- Exercise description -
Retype the records below exactly as given, but only from the first line through the line with "lämnade oss så", and without the pictures.

- Listed entries -
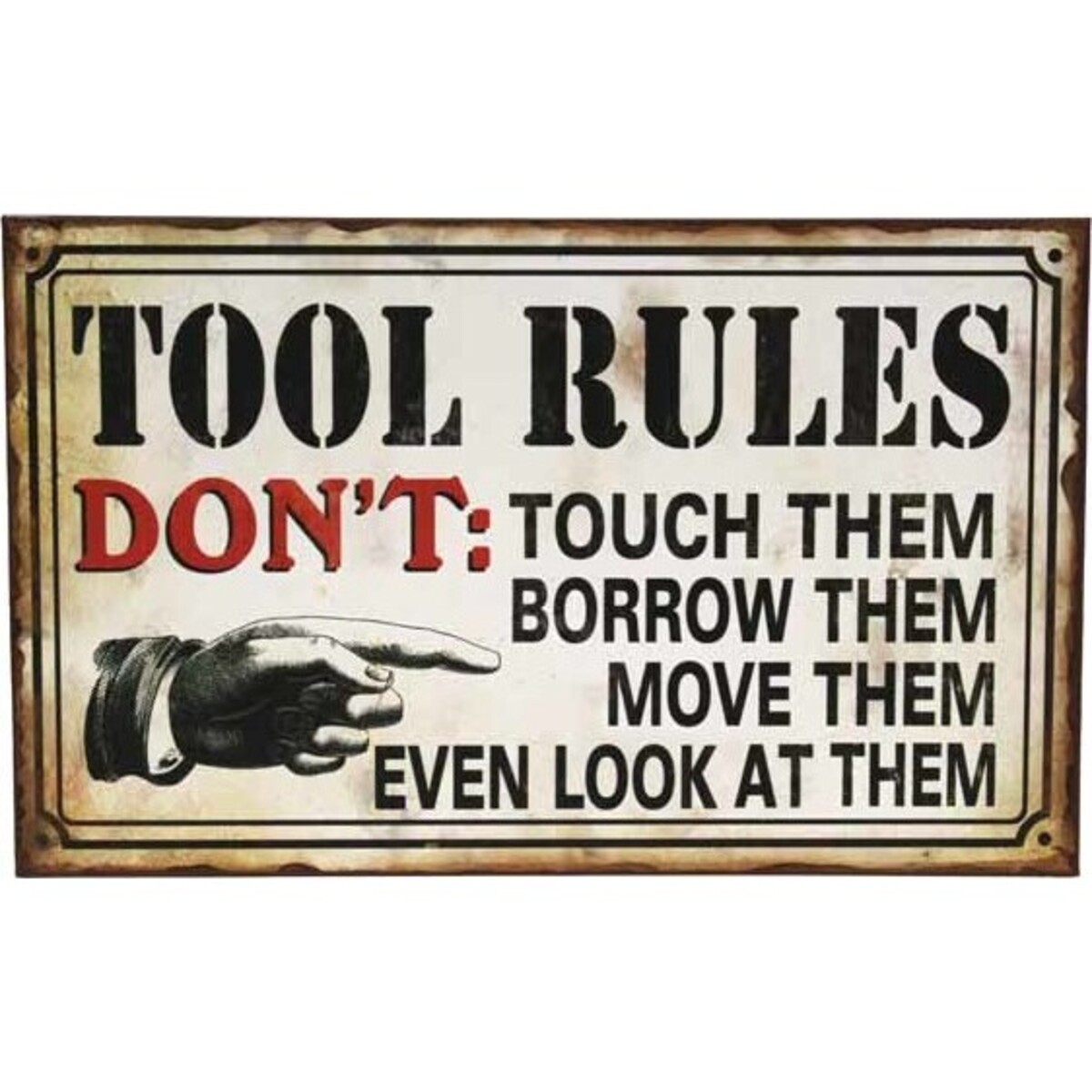 The message on the Tin Sign - Tool Rules is pretty straightforward and doesn't take much to understand and digest. They may come across as amusing or demanding, depending on how the onlooker wishes to interpret it. The design of the tin sign will pretty much match the rugged atmosphere of a blue-collar workplace.
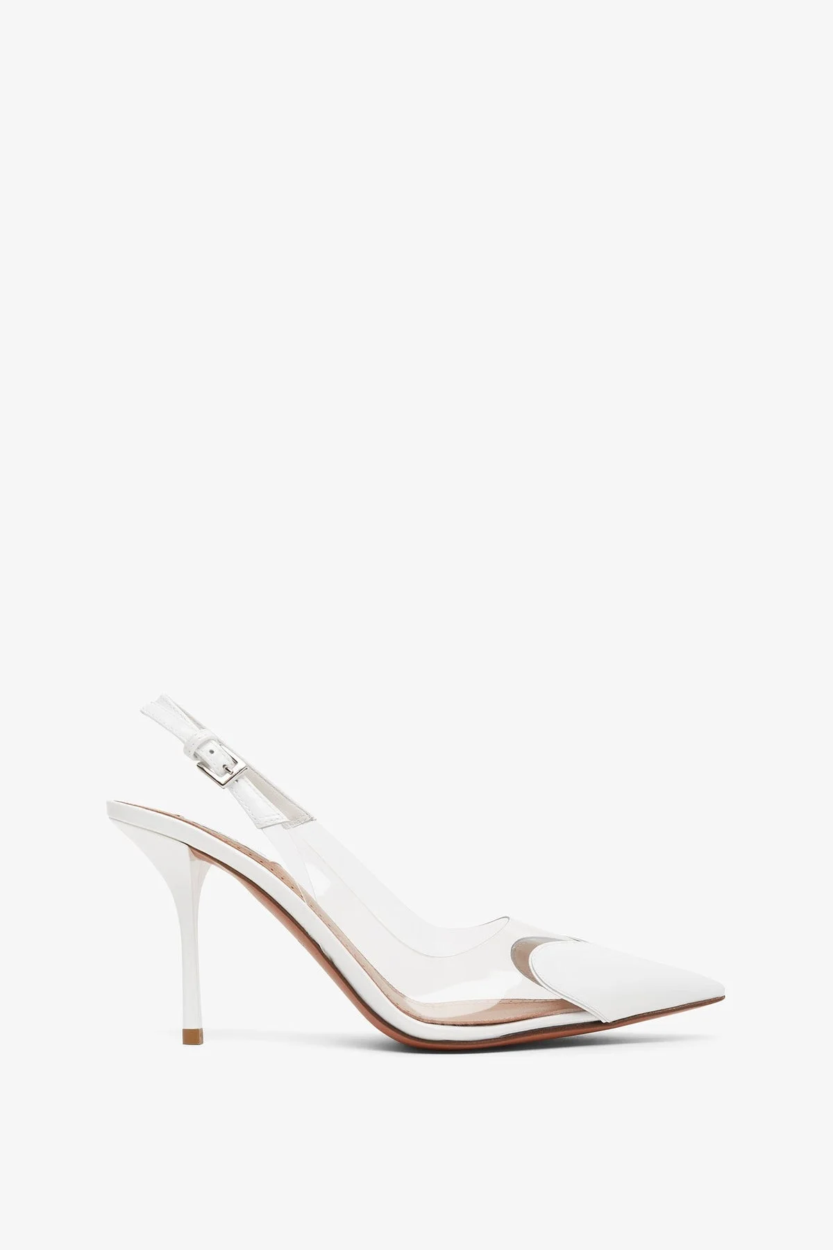 White patent leather slingback pumps from Alaia. The Coeur slingback pumps are made of clear pvc and patent leather, feature a flattering heart front cut along with a sharply pointed toe. It is set on a new shaped slim stiletto heel measuring 90mm. - Leather sole - True to size - Made in Italy Product Code: AA3E083CK150010
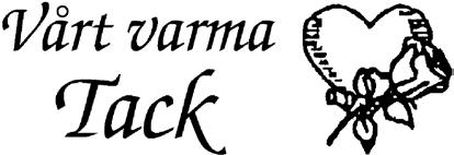 lämnade oss så hastigt i stor sorg och saknad. Ett särskilt tack för den fina musiken i kyrkan och till Arne Söderbäck.
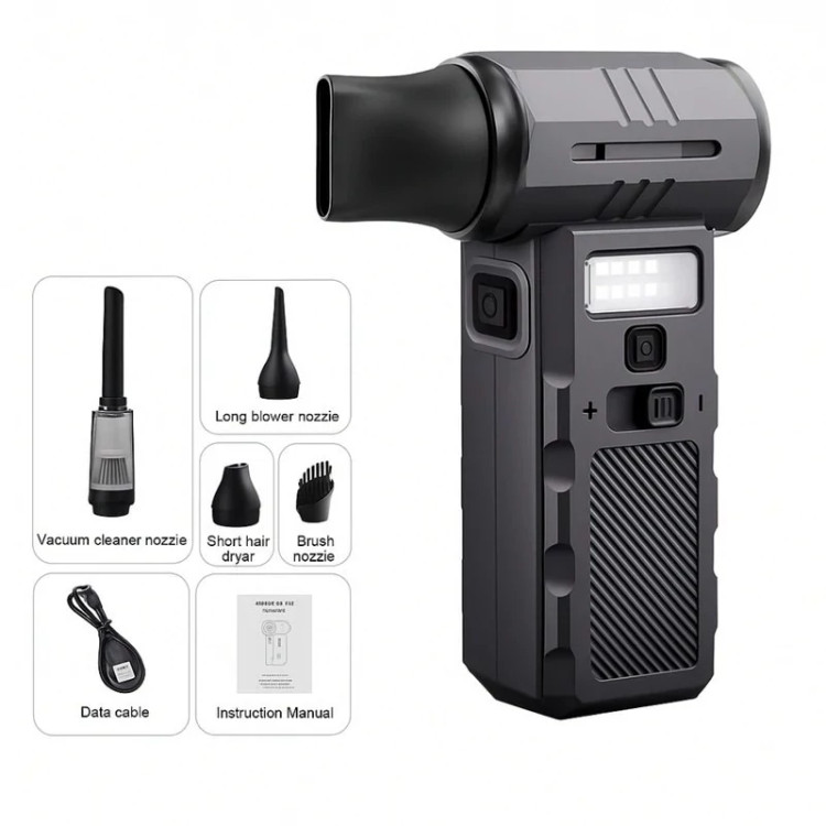 جت فن و وکیوم شارژی VIOLENT F028 یک ابزار چندمنظوره و بسیار قدرتمند است که ترکیبی از فن پرقدرت، دمنده، مکنده (وکیوم)، نور جانبی و نازلهای کاربردی را در یک دستگاه کوچک و قابلحمل ارائه میدهد. این مدل برای تمیزکاری کامپیوتر، لپتاپ، کیس، فضای خودرو، کمپینگ، خشککردن مو و ابزار، باد کردن و حتی استفاده بهعنوان نور اضطراری کاملاً مناسب است.
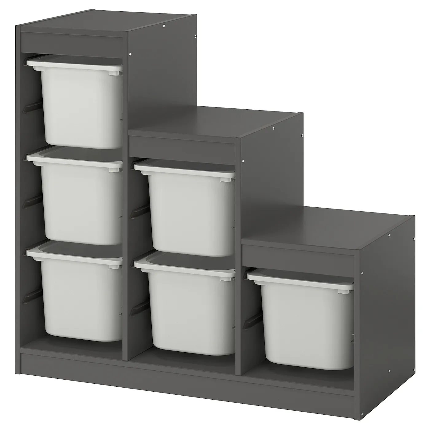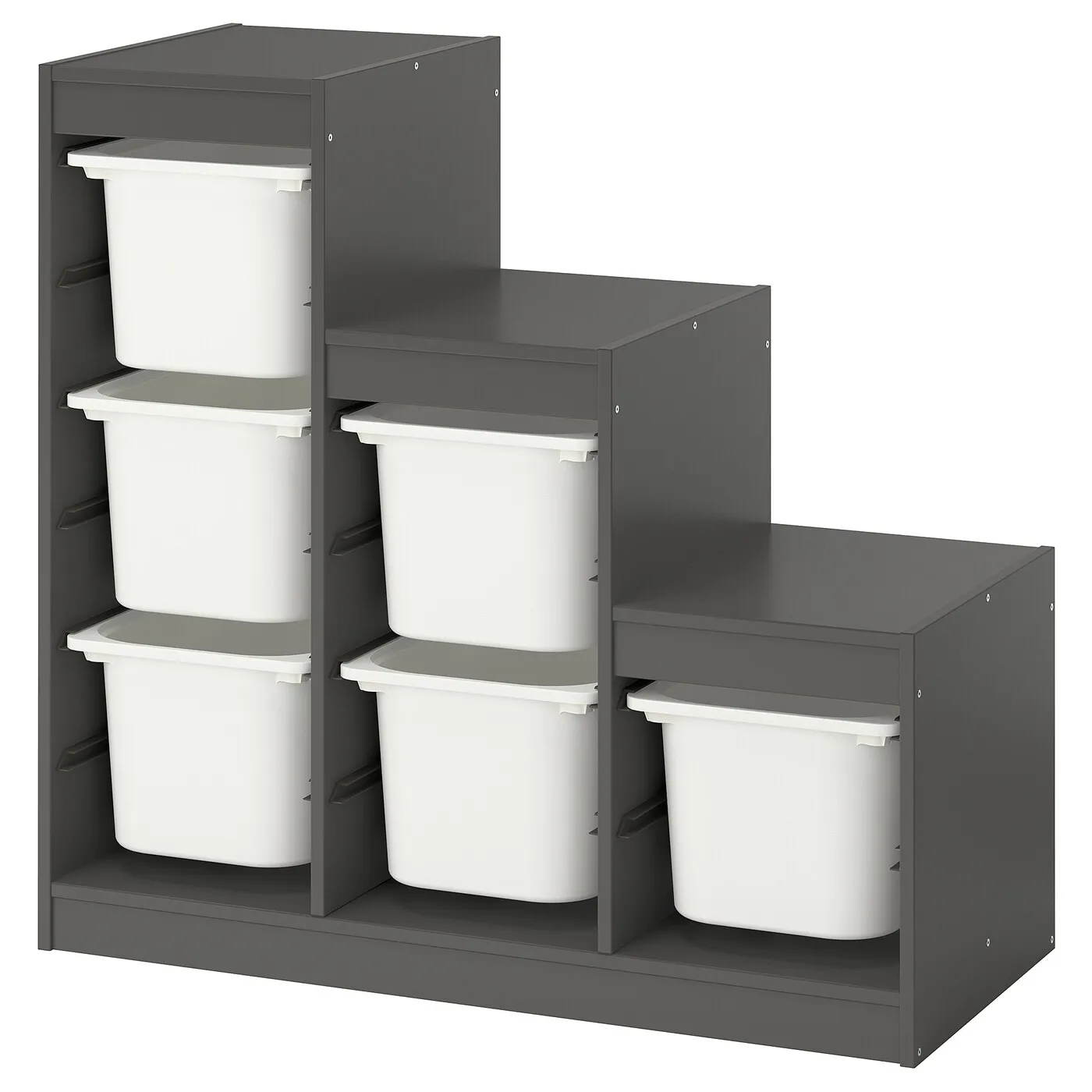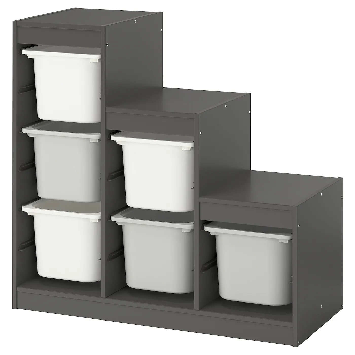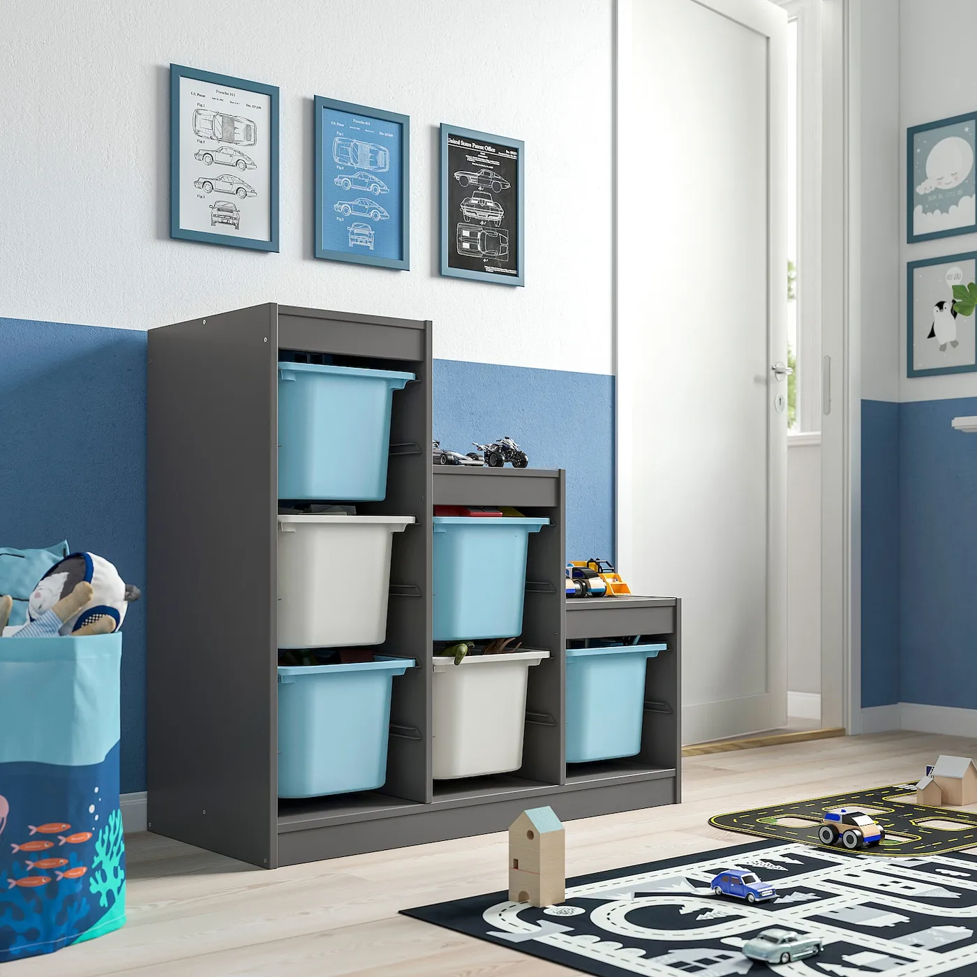 Детям важно иметь просторное и удобное место для хранения вещей. Серия TROFAST предлагает деревянные каркасы, сетчатые и пластиковые ящики (не менее 50% переработанного материала). Все элементы легко выдвигаются, переносятся и убираются обратно.
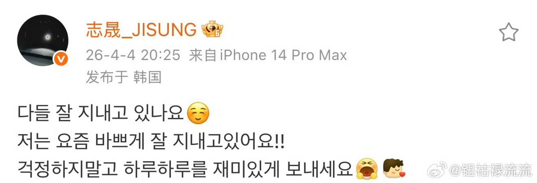 朴志晟发博人都要继续往前走,长大了成熟了,但真诚从未变过
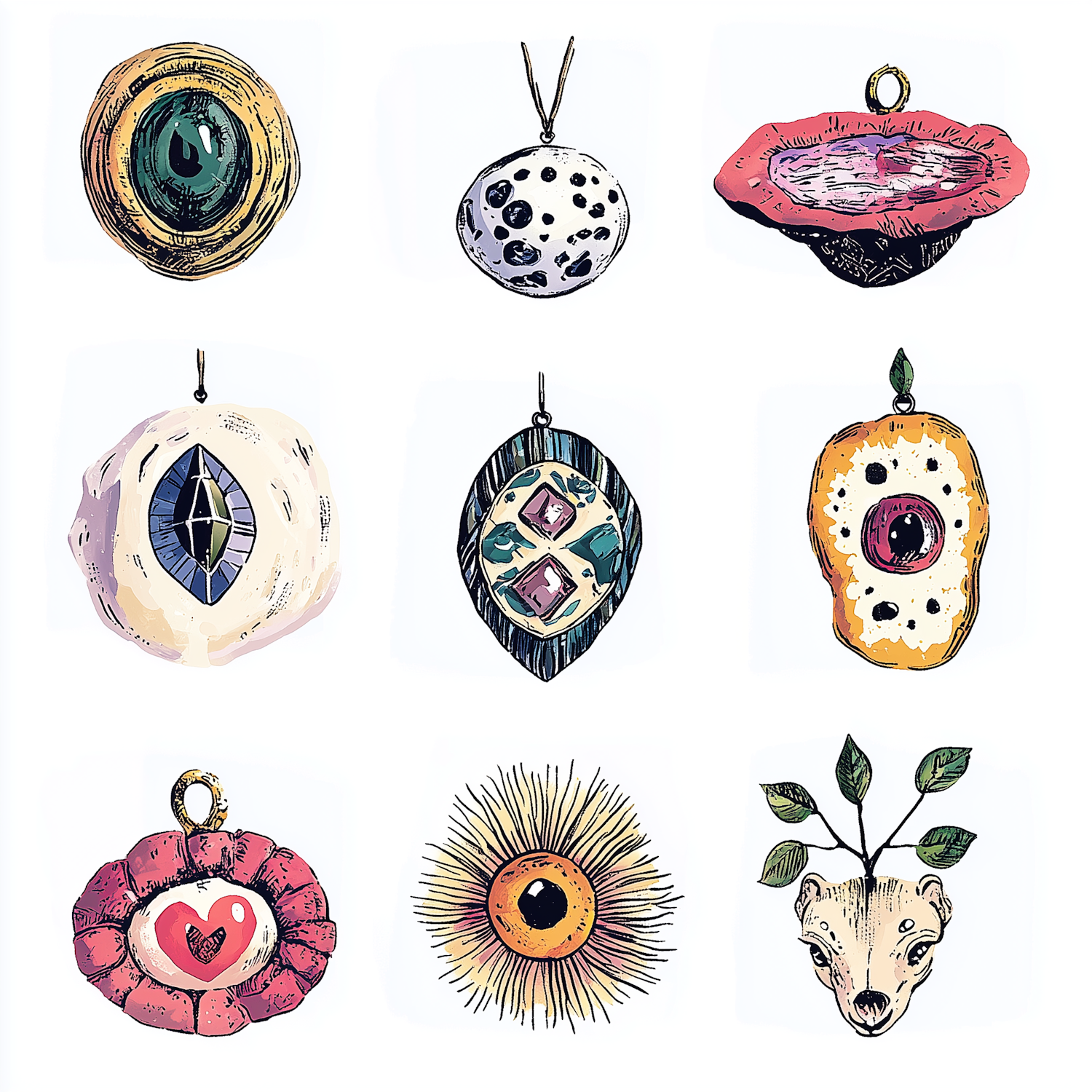 Nine artistic pendants with whimsical designs, featuring gemstones, floral patterns, and abstract shapes in vibrant colors.
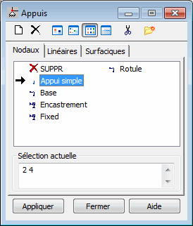 - La partie centrale, qui affiche la liste des appuis actifs; Le nombre d’onglets dépend du type de la structure.
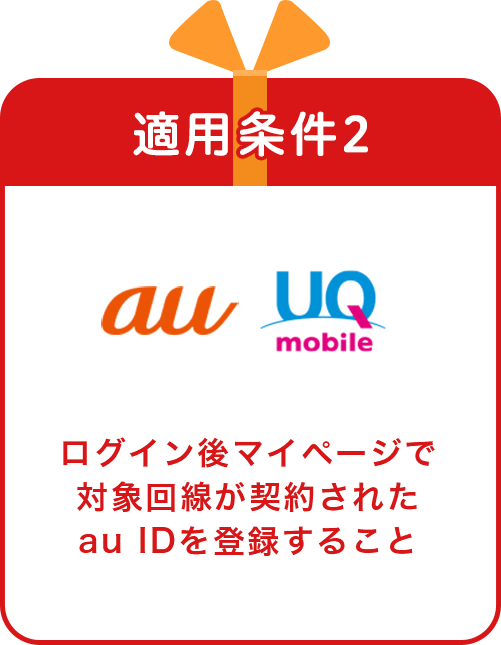 適用条件を満たしたauまたはUQ mobileのお客さま
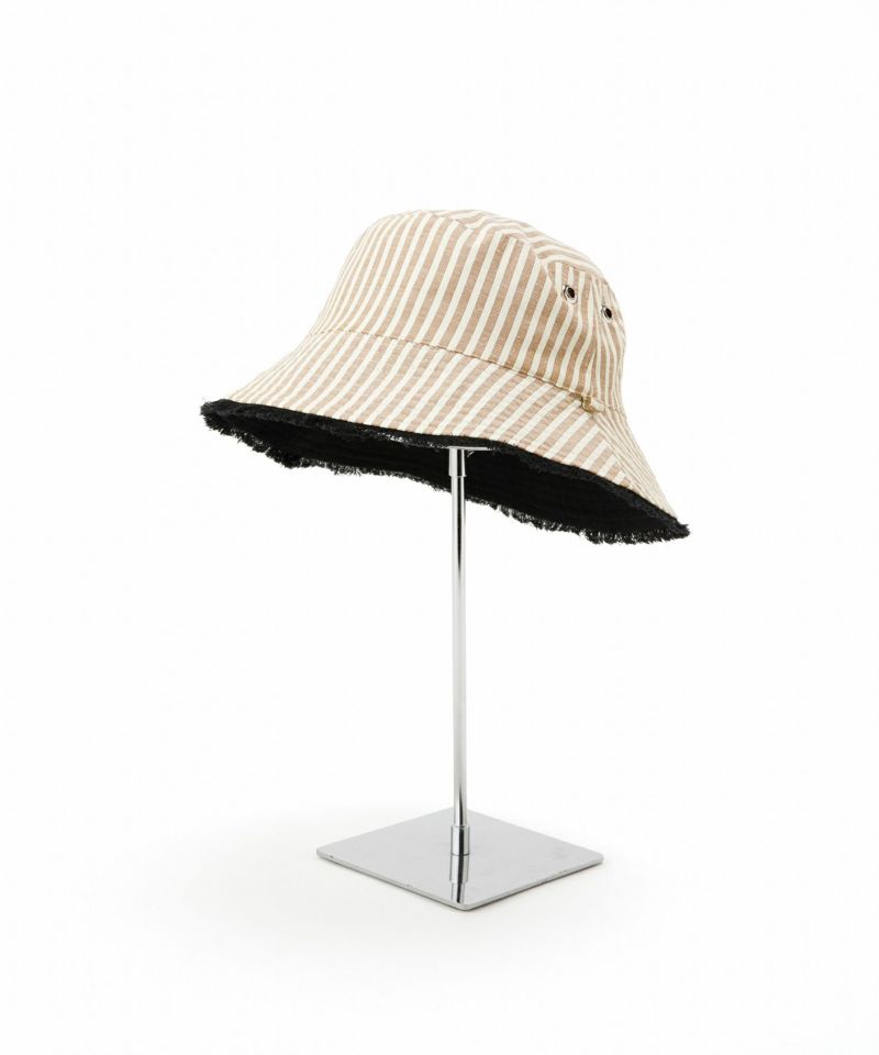 毎年人気のリバーシブルで楽しめるバケットハット。 裏側の柄生地がかぶった際にちらりと見えるところがポイントです。 使いやすいサイズ感もこだわり、畳んでバッグの中へ入れて持ち運びしやすい素材です。
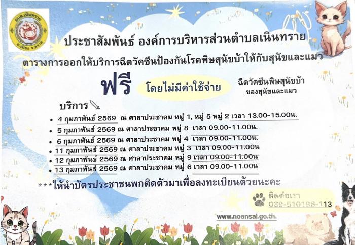 ข่าวประชาสัมพันธ์ ประชาสัมพันธ์ ตารางการออกให้บริการฉีดวัคซีนป้องกันโรคพิษสุนัขบ้า
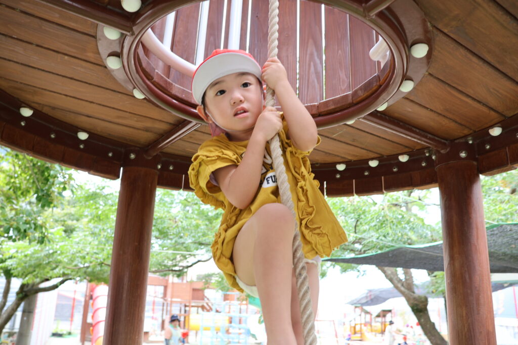 子どもたち自身の力で登れるよう、見守りながらそっと援助しています。
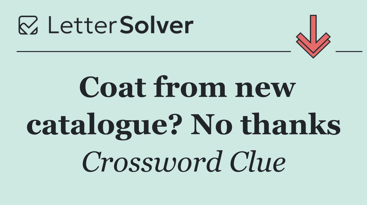 Uncover the answer to the The Telegraph Cryptic puzzle's Coat from new catalogue? No thanks clue right here! We cracked the code and found the 7-letter word, the exact solution to help you solve this clue and finish your daily challenge. Ready to reveal it?

- Response for this exercise -
 The message on the Tin Sign - Tool Rules is pretty straightforward and doesn't take much to understand and digest. They may come across as amusing or demanding, depending on how the onlooker wishes to interpret it. The design of the tin sign will pretty much match the rugged atmosphere of a blue-collar workplace.
 White patent leather slingback pumps from Alaia. The Coeur slingback pumps are made of clear pvc and patent leather, feature a flattering heart front cut along with a sharply pointed toe. It is set on a new shaped slim stiletto heel measuring 90mm. - Leather sole - True to size - Made in Italy Product Code: AA3E083CK150010
 lämnade oss så hastigt i stor sorg och saknad. Ett särskilt tack för den fina musiken i kyrkan och till Arne Söderbäck.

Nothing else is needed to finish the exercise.